Other big kids can spend the night alone

I think I’m doing a little better today. Trying to get over catastrophic/ doom and gloom thinking… racing thoughts… panic attacks… an odd hit of unfocused hyperactivity… and other head circus gifts that are trying resurface.

This is when I feel like a little kid in the worst way. Other people can spend the night alone. They don’t go to pieces when they are left to their own devices. I’m going to be alone for a few days… in theory.

I’m going to have to try and be alone, but I bet I’ll panic and run to my parent’s house. This was a hard morning for me. I admit it… both my sis and I got a bit teary when she was packing and getting ready to leave. :cry:

My sis and Mom are doing a road trip to get to a cousins wedding. They left a few hours ago before sunrise to get well out of Seattle before morning traffic.

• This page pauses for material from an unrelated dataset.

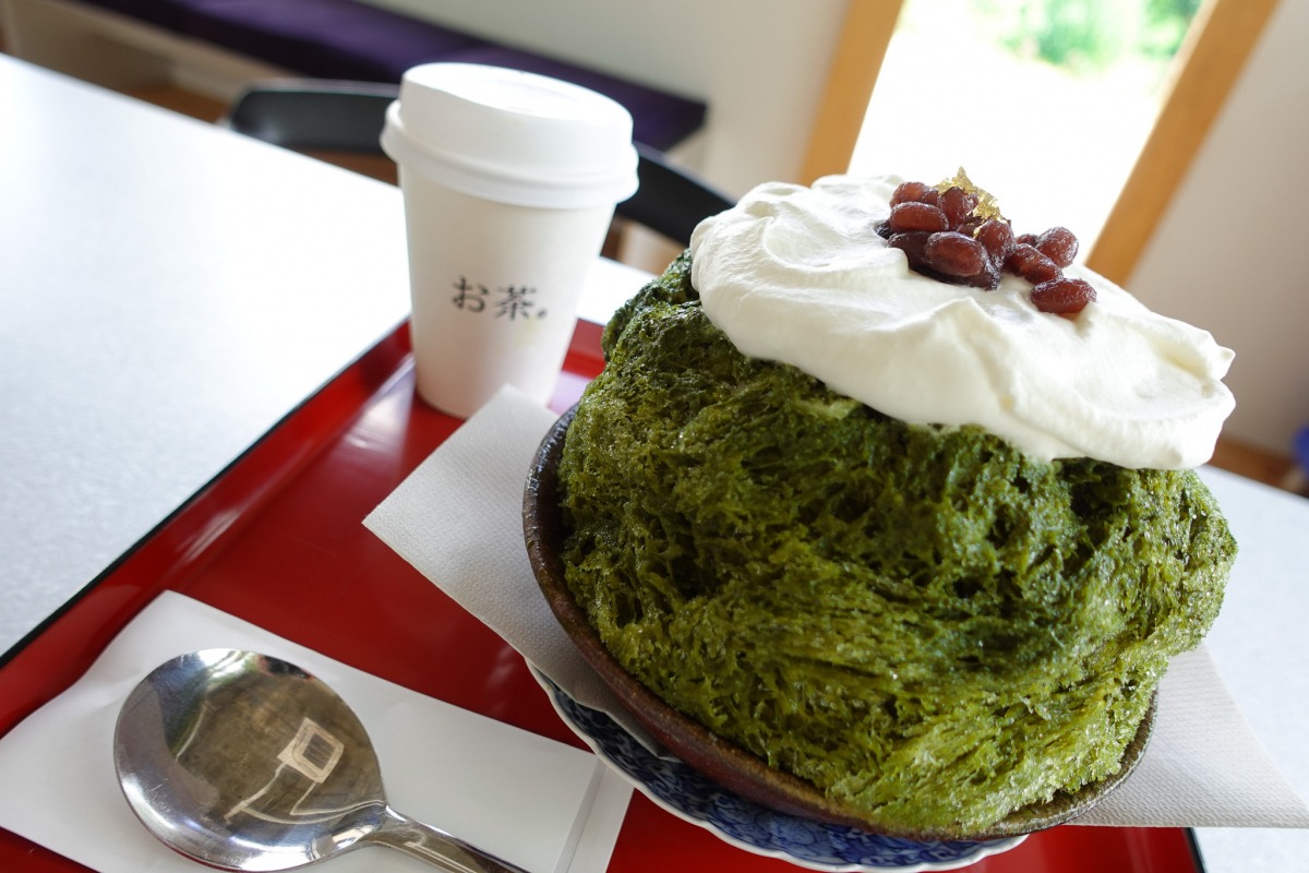 かぶせ茶を粉末にした、色も味も濃い、さすがお茶屋さんのかき氷です。

It’s just the two of them, driving down to San Diego. It’s a very rare thing not to have my sis around. I don’t like it. I did everything I could to try and go with them. But Mom said No, it’s a mother/ daughter thing.

It’s almost a 20 hour drive and a 2 and a half hour flight. So on the 29th, I’m flying with my Dad and other family.

I’ve been having panic attacks about the thought of them driving and getting in a horrendous car crash, the plane crashing, the family thing getting too big and having a break and ruining my cousins wedding. I’ve been high anxiety about almost every detail on this one. I’ve been having mood swings and panic attacks almost everyday lately. My med doses got increased last week. I’m feeling more stable today. I don’t feel so wobbly.

I do feel a bit more tired and a bit more numbed out and still sort of floaty. I do feel slower and less talkative. But it’s not really doing anything for the racing thoughts and the anxiety. I have figured out that the last week in June and the first week in July have always been the very hardest on me, year after year.

I know I’m jumping and rambling. I know it’s so much harder to keep my mind on a sentence and finish it properly. If my post get a little jumble and odd, I apologize in advance.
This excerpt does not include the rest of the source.